• WHAT THE TASK REQUIRES
Starting at the line containing "新華社記者 沈伯韓 攝" and ending at the line containing "冬の法観寺(八坂の塔) 早朝の街並み 京都府京都市", print every line of the material below exactly, both ends included, and stop there.

• TASK DATA
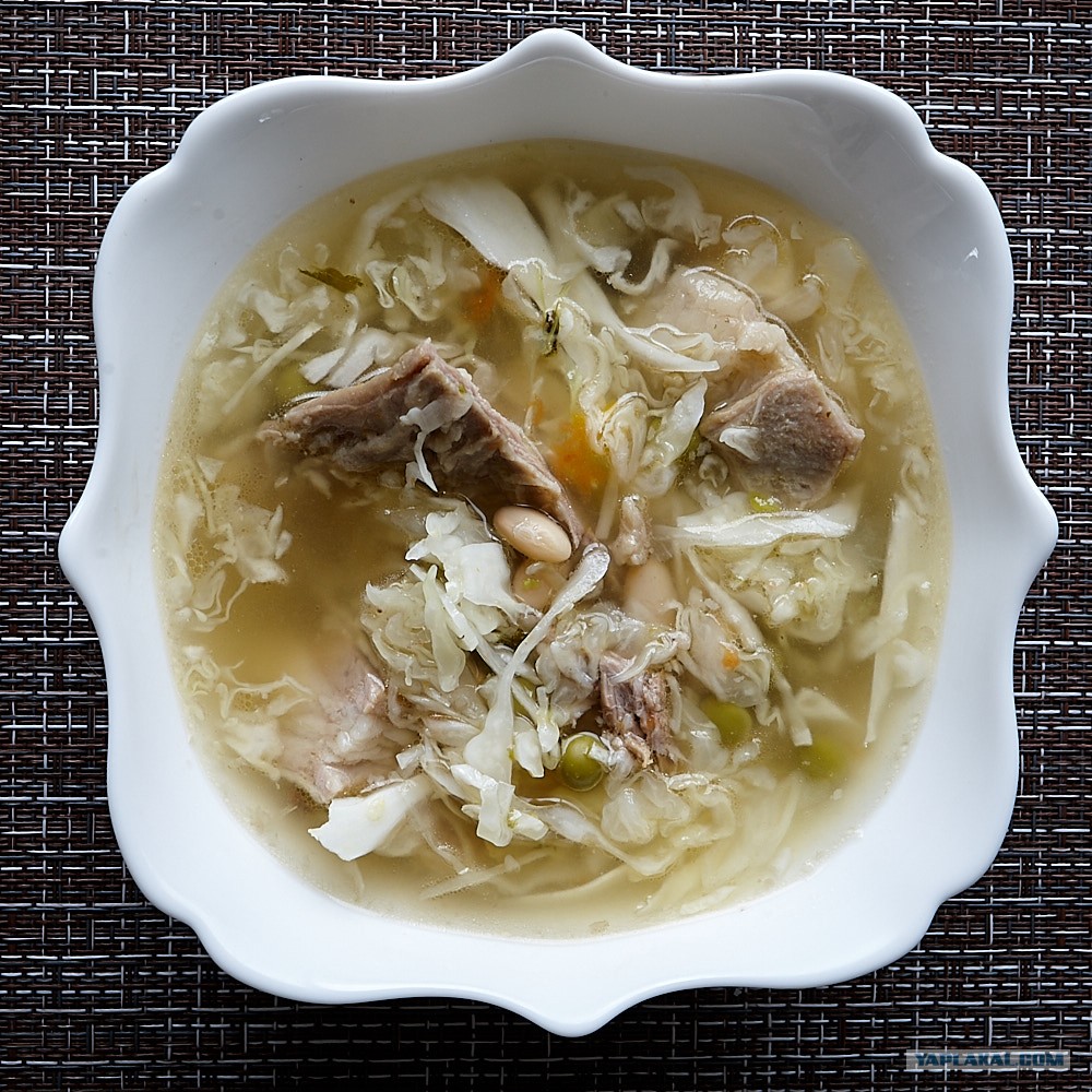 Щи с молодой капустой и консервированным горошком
---
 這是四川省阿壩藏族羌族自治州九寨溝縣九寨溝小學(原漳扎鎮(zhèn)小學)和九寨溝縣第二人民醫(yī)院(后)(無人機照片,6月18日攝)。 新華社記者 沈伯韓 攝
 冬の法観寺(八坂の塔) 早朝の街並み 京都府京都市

• SOLUTION TO THE PROBLEM
 這是四川省阿壩藏族羌族自治州九寨溝縣九寨溝小學(原漳扎鎮(zhèn)小學)和九寨溝縣第二人民醫(yī)院(后)(無人機照片,6月18日攝)。 新華社記者 沈伯韓 攝
 冬の法観寺(八坂の塔) 早朝の街並み 京都府京都市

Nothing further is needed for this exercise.